Pada sebagian besar kasus, ELISA menunjukkan hasil positif untuk desmoglein
3 (bukan desmoglein 1) pada PV mukosa, positif pada desmoglein 3 dan 1 pada
PV dengan keterlibatan mukosa dan kulit, serta positif hanya pada desmoglein 1
pada pasien PF. PV jarang berkembang menjadi PF dan sebaliknya, seperti yang
telah ditentukan secara klinis, histologi, dan kriteria imunologi. Sebagian kecil
pasien PF juga menunjukkan autoantibodi terhadap desmoglein 3; sehingga
diagnosis harus dibuat berdasarkan korelasi klinis dan serologi. Selain itu,
beberapa pasien (dengan bula pemfigoid) dapat menunjukkan kadar autoantibodi
antidesmoglein 3 yang rendah, dimana dapat dideteksi dengan sensitivitas tinggi
ELISA. Karena itu, hasil yang diperoleh dalam rentang yang tidak jelas harus
diinterpretasikan dengan hati-hati karena hal ini dapat menunjukkan positif palsu
atau negatif palsu, atau karena pembentukan autoantibodi nonpatogenik setelah
kerusakan epidermis. Seperti halnya dengan imunofluoresense indirek, korelasi
nilai indeks ELISA dengan aktivitas penyakit ternyata tidak sempurna. Dalam
menentukan terapi, hasil negatif pada ELISA desmoglein lebih membantu
dibandingkan hasil positif karena pasien dengan lesi kulit awal cenderung
mendapat remisi imunosupresif, sedangkan pasien dengan lesi kulit yang lama
dapat mengalami remisi atau tidak. Dengan kata lain, aktivitas penyakit adalah
hal utama dalam menentukan penatalaksanaan.

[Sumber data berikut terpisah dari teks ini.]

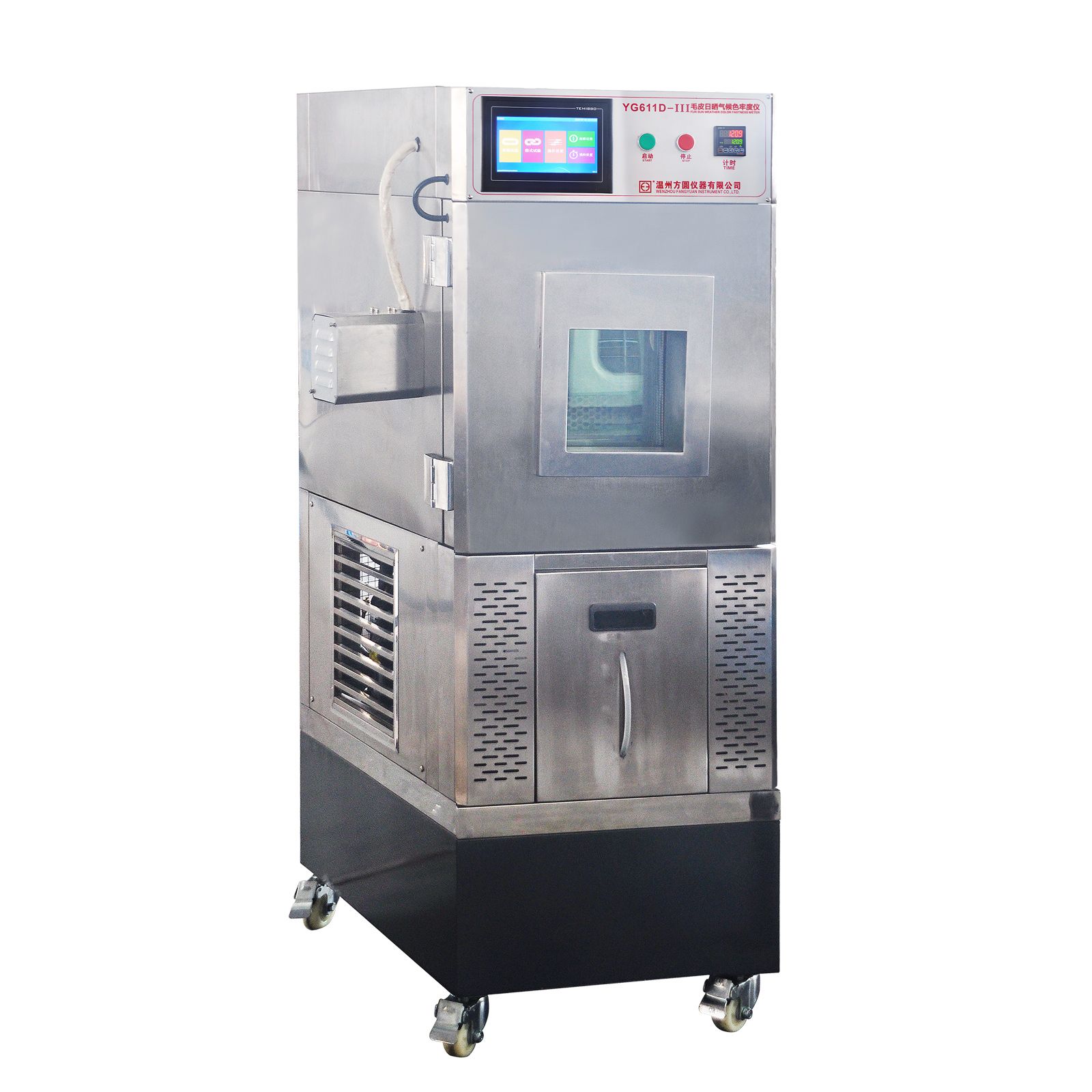 YG611D-III毛皮日曬氣候色牢度儀可以將試樣24小時曝露在模擬日光條件下,試樣經受的連續曝曬效果遠超室外曝曬,因而可以加速獲得試驗結果。
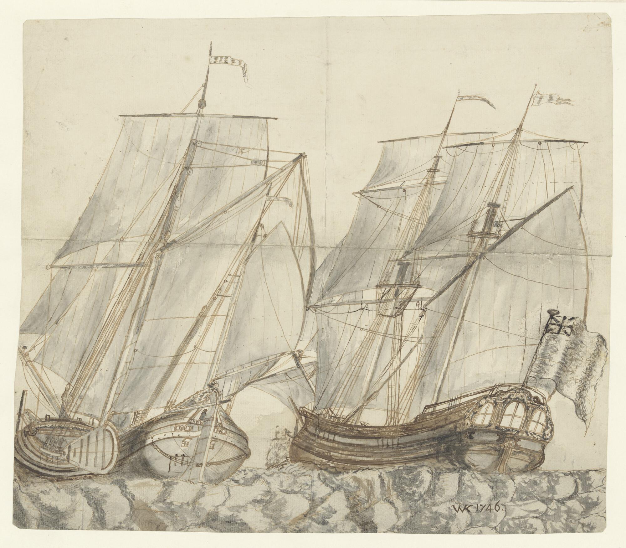 Een smakschip en een Engels jacht, gezien van bakboord achter.

Gambar 54-9. ELISA untuk desmoglein 3. Antibodi anti-Dsg 3 (αDsg3) dari serum pemfigus
mengikat Dsg3 pada plat ELISA; antibodi irelevan yang tidak berikatan dikeluarkan. Plat
diinkubasi dengan horseradhish peroxidase (HRP) yang dikonjugasi dengan anti IgG
manusia, dimana mengikat anti-Dsg3 IgG pada plat ini. HRP adalah enzim yang mengubah
warna biru pada substrat dan warna yang akan dibaca pada spektofotometri, dimana hal ini
berkorelasi dengan jumlah antibodi pemfigus (anti-Dsg3) pada serum pasien.